# Golden smoke



## uh_oh_disco (Feb 3, 2008)

Mainly focusing on the eyes, as I'm sure most of you ladies already have a face makeup routine which you love. 

YOU WILL NEED
UDPP
UD "Lucky" pencil eyeliner
UD "Honey" eyeshadow
UD "Zero" eyeshadow
Fyrinnae "Harlequin" eyeshadow
Fyrinnae "Finnegan's Wake" eyeshadow (Vanilla pig. is very similar!)
Fyrinnae "Rapunzel Had Extensions" eyeshadow (Melon pig. = dupe)
Prestige black liquid eyeliner
UD "Zero" pencil eyeliner
Mascara of your choice.
Eyeshadow brush
Small angle brush.
Whatever face products you use.







METHOD
1 - Apply your UDPP to your lids/ up to your brow.

2 - Use your UD "Lucky" pencil liner to cover half your lid and just a little towards your browbone.





3 - Cover with your UD "Honey" eyeshadow.





4 - Draw a curved shape up to just below your browbone using your eyeshadow brush and UD "Zero" eyeshadow. Make it pronounced but don't worry about them being super neat or mega symetrical.





5 - Fill it in and blend into "Lucky"/ "Honey" combo.









6 - Using your "Harlequin" eyeshadow, define your crease and blend upwards into the "Zero" eyeshadow shape. This adds depth and a little drama.





7 - Apply your highlight ("Finnegan's Wake") and lighly buff away the harsh edge of the black shape, just taking off some of the harshness, but not too much.

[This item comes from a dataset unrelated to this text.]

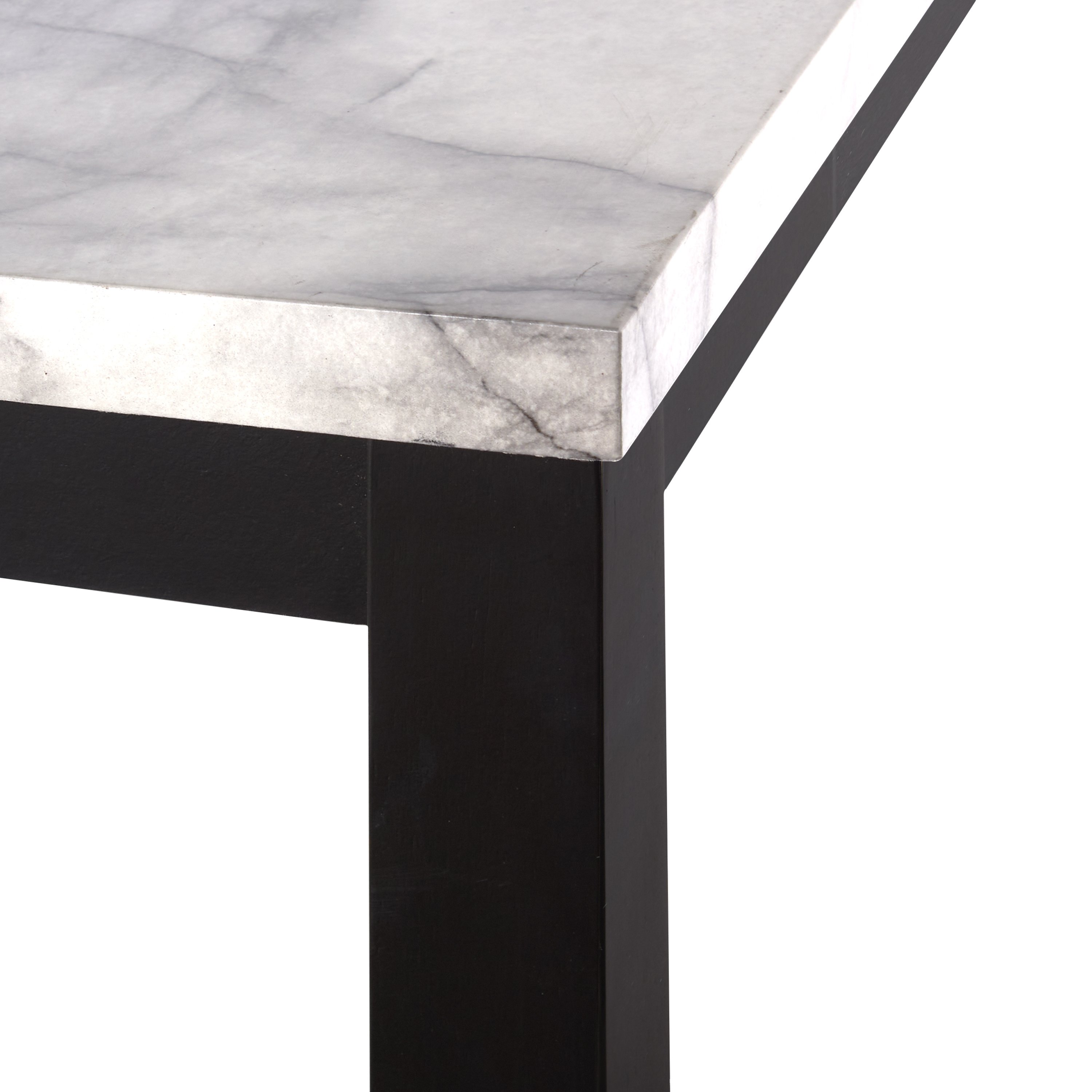 Reliable StabilityThe tabletop is reinforced with solid MDF with a thick slab of scratch resistant glossy marble patterned veneer on top. Solid rubber wood legs sealed in a protective lacquer provide sound support and sturdiness you can rely on without worry of wobbling.

Use your "Rapunzel Had Extensions" to further buff out the shape.




(If the shape refuses to blend, lightly apply a little more "Zero" to the edge and buff that into the highlight).

8 - Take off your fall-out with either a large soft brush or cotton wool ball with some cleanser/ moisturiser on it.





9 - Use your Prestige liquid liner to define your upper lashes/ eyeshape. The flick is optional, but it really helps "open up" and elongate your eyes if they're tiny.





10 - Apply "Zero" pencil 'liner to the lower lashline. Don't worry if it looks patchy/ streaky...





11 - ...because you're going to make it stand out and look a whole lot sharper using your small angle brush and "Harlequin" eyeshadow!





12 - Now apply your "Zero" pencil 'liner to your waterline, put on some mascara and add an inner flick if you fancy.





13 - Sort out your face makeup. I wont go into much detail.





Primer + foundation (yep, I mix mine together). This is L'Oreal true match foundation and MAD minerals primer.





and blush - I'm using Fyrinnae's "Enrapture" blush (light green dots show basic shape) and contour - random cheapo dark red (dark creen dots show basic shape). Picture shows them unblended.





highlight (I used "Rapunzel Had Extensions") and set all of this with a translucent powder (I used MAD minerals transparent powder with Vanilla pigment mixed in)...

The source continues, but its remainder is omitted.